Kiki Smith’s exhibition at Galleria Continua explores the relationship between the human being and nature, between the body and the world, between the natural kingdom and the spiritual one. In these works, narrative becomes fable, myth, a site of memory and a representation of the unconscious. Her work moves adroitly through different cultural territories; the collective unconscious; identity; nature and thought.

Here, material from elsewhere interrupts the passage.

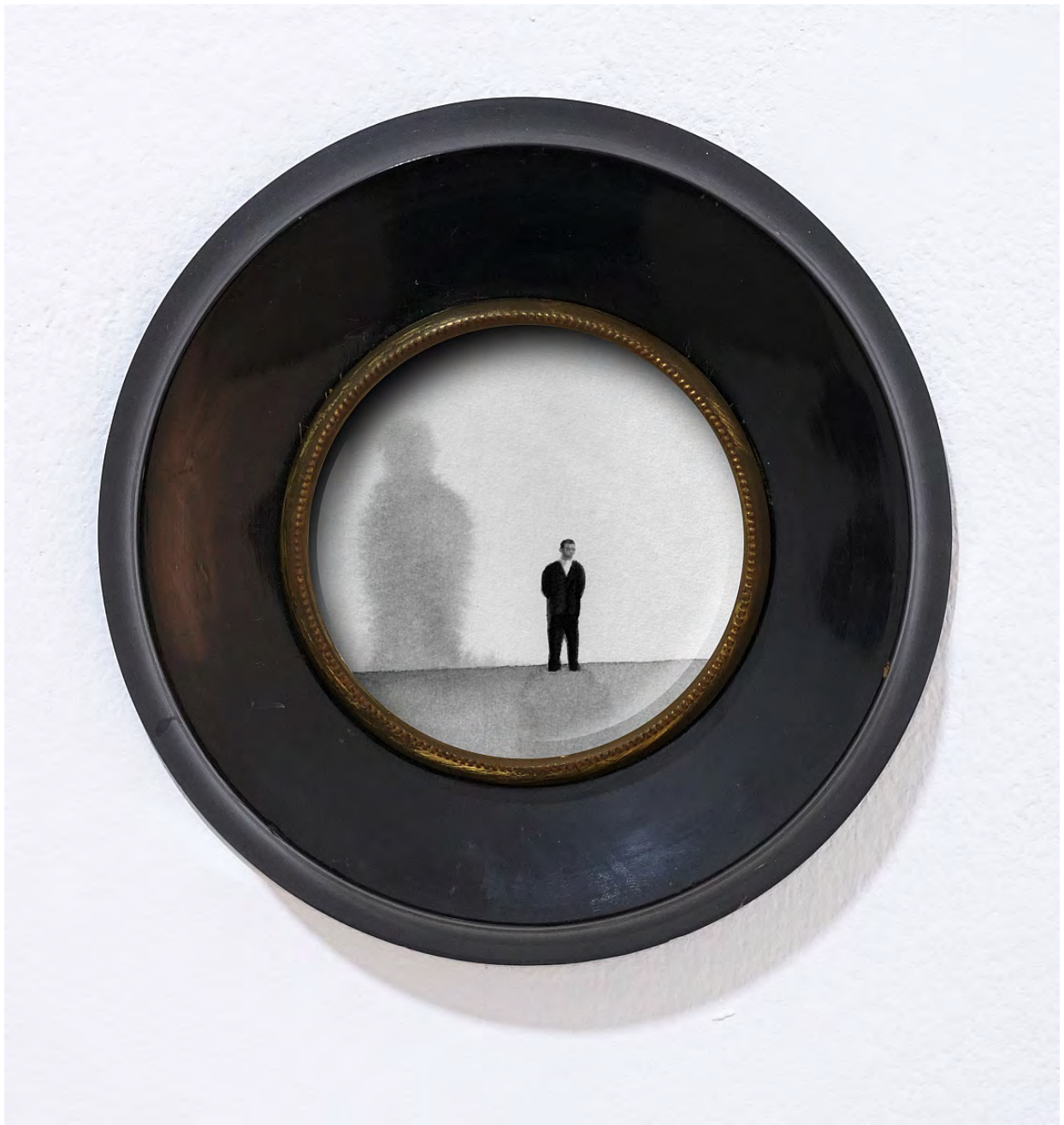
Fernando Martín Godoy Guardian III , 2024 Ink on Paper and Antique Frame Framed Dimensions: 6.30h x 6.30w in PKR: 310,797.89

Kiki Smith was born in Nuremberg in 1954, grew up in New Jersey, and moved to New York City in 1976, where she lives and works today. At the end of the 1970’s, she was a member of COLAB (Collaborative Project Inc.), a collective of artists addressing social issues that operated outside the traditional gallery system. In 1980, COLAB organized the retrospective Times Square Show, to which Smith contributed her first work on the body. After showing in group exhibitions on the fringes of the traditional gallery circuit, Smith started taking part in exhibitions at major international institutions in 1990 including the Museum of Modern Art in New York, the Centre d’Art Contemporain in Geneva, Institute of Contemporary Art in Amsterdam and then, amongst others, in 1993 the Österreichisches Museum für Angewandte Kunst in Vienna. In 2005, Smith had her first retrospective at the San Francisco Museum of Modern Art which traveled to the Walker Art Center in Minneapolis, the Contemporary Arts Museum in Houston, the Whitney Museum of American Art in New York and the La Colección Jumex in Mexico City. The 2008 exhibition Kiki Smith:
Her Home traveled from the Haus Esters Museum in Krefeld to the Kunsthalle of Nuremberg, the Fundació Joan Miró in Barcelona and the Elizabeth A. Sackler Center for Feminist Art of the Brooklyn Museum in New York. Smith’s Biennale appearances of note include the Whitney Biennial of New York (1991, 1993, 2002), the Florence Biennale (1996–1997; 1998) and the Venice Biennale (1993, 1999, 2005, 2009, 2011). Amongst her more recent exhibitions are Les Papesses at the Palais des Papes in Avignon; a three-person exhibition with her father and sister’s work: Kiki Smith, Seton Smith, Tony Smith at Kunsthalle Bielefeld, Germany which traveled to Kunstmuseum Liechtenstein, Vaduz and Festival International d’Art de Toulouse: Artist Comes First, Les Abattoirs, Musée d’Art Moderne et Contemporain à Toulouse; Fiber Visions at the Zhejiang Art Museum, on the occasion of the Hangzhou Triennial in China. Works by Smith are housed in over fifty public collections around the world. She has also received many awards including the United States Art in Embassies Award (presented by Hillary Clinton in 2012); the Theo Westenberger Women of Excellence Award (2010); the Nelson A. Rockefeller Award, Purchase College School of the Arts (2010); the Women in the Arts Award, Brooklyn Museum (2009); the 50th Edward MacDowell Medal (2009); the Medal Award, School of the Museum of Fine Arts, Boston (2006); the Athena Award for Excellence in Printmaking, Rhode Island School of Design (2006); and the Skowhegan Medal for Sculpture (2000). In 2006 TIME magazine listed her among the TIME 100 most influential people in the world. She has also been elected a member of the American Academy of Arts and Letters and the American Academy of Arts and Sciences.